It’s been a crazy week with some unusual and new experiences, so let’s turn to more enjoyable things—here’s what I learned about the Portland food scene this week .
There’s a Portland pizza podcast. Yes, that’s right, and it’s a no-brainer kind of thing for this pizza-loving town. It’s hosted by Pizza Jerk Chef/Owner Tommy Habetz: “Portland Pizza Podcast features in depth interviews with some of the biggest names in Pizza today.” There are only two episodes up right now so it’s easy to catch up.
Goodbye Baja Fresh. A tipster mentioned to me that the Baja Fresh in the Hollywood District closed and a post on the Hollywood Boosters Facebook page confirmed it. Maybe it’s not really a big deal in the Portland restaurant ecosystem, but they offered a perhaps slightly healthier, slightly fresher option for those seeking fast food in Hollywood.
Make baklava in Hollywood. While perusing the Hollywood Star during my most recent and outrageously delicious meal at Laughing Planet, I noticed this gem:
Nov 19, 3-4pm. Learn to make baklava just in time for the holidays with Armenian chef Angele Mahshigian. The sweet dessert is made with layers of filo dough filled with chopped nuts and drizzled with honey or syrup. Free. Registration required: 503-288-8303. Hollywood Senior Center, 1820 NE 40th Ave.
Arkansas Black apples in Portland. A tipster on Facebook noted that New Seasons in Hollywood currently has these unusual apples. This fruit is considered very special to some apple connoisseurs, and involves a little bit more time than your average apple. According to Atlas Obscura, “Arkansas Black apples aren’t meant to be eaten straight off the tree. In fact, the best thing you can do to one is put it in the refrigerator and forget about it until next season. Patient pickers are rewarded with a sweet, firm fruit that offers notes of cherry, cinnamon, vanilla, and coriander, but only after having aged it in cold storage for a few months.” I’m definitely intrigued.

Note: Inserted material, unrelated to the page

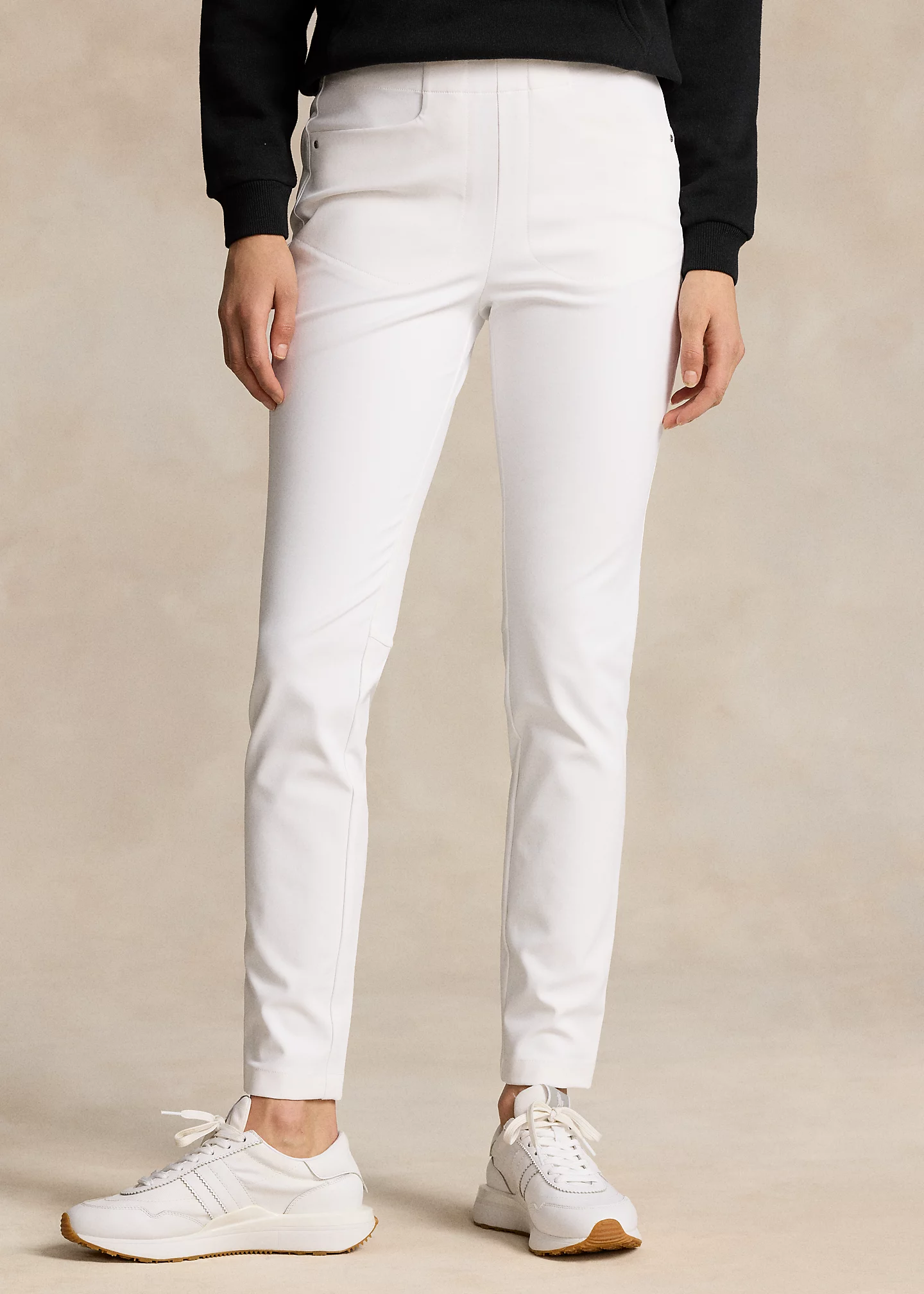 - Mid-rise. Slim fit. Intended to hit at the ankle.

Bonus: Shiny Alberta Co-op Grocery news. Glad to hear about the refresh at the Alberta Co-op Grocery, one of my favorite independent food markets in town. More about the project, designed by Portland’s Propel Studio:
“The demographics of this neighborhood have been changing a lot, and a lot of new people are moving here,” [Propel co-founder Lucas] Gray said. “A lot of people just didn’t know the co-op existed or didn’t go in for whatever reason. So part of it was just kind of giving it a fresh look and feel and then creating some transparency so people know that it’s there.”
That involved relocating shelving, merchandise, coolers and other items that had obstructed visibility in the past. The co-op also got all new shelving, new lighting and other accents to make the space more inviting.
“It’s much more visual now,” Gray said.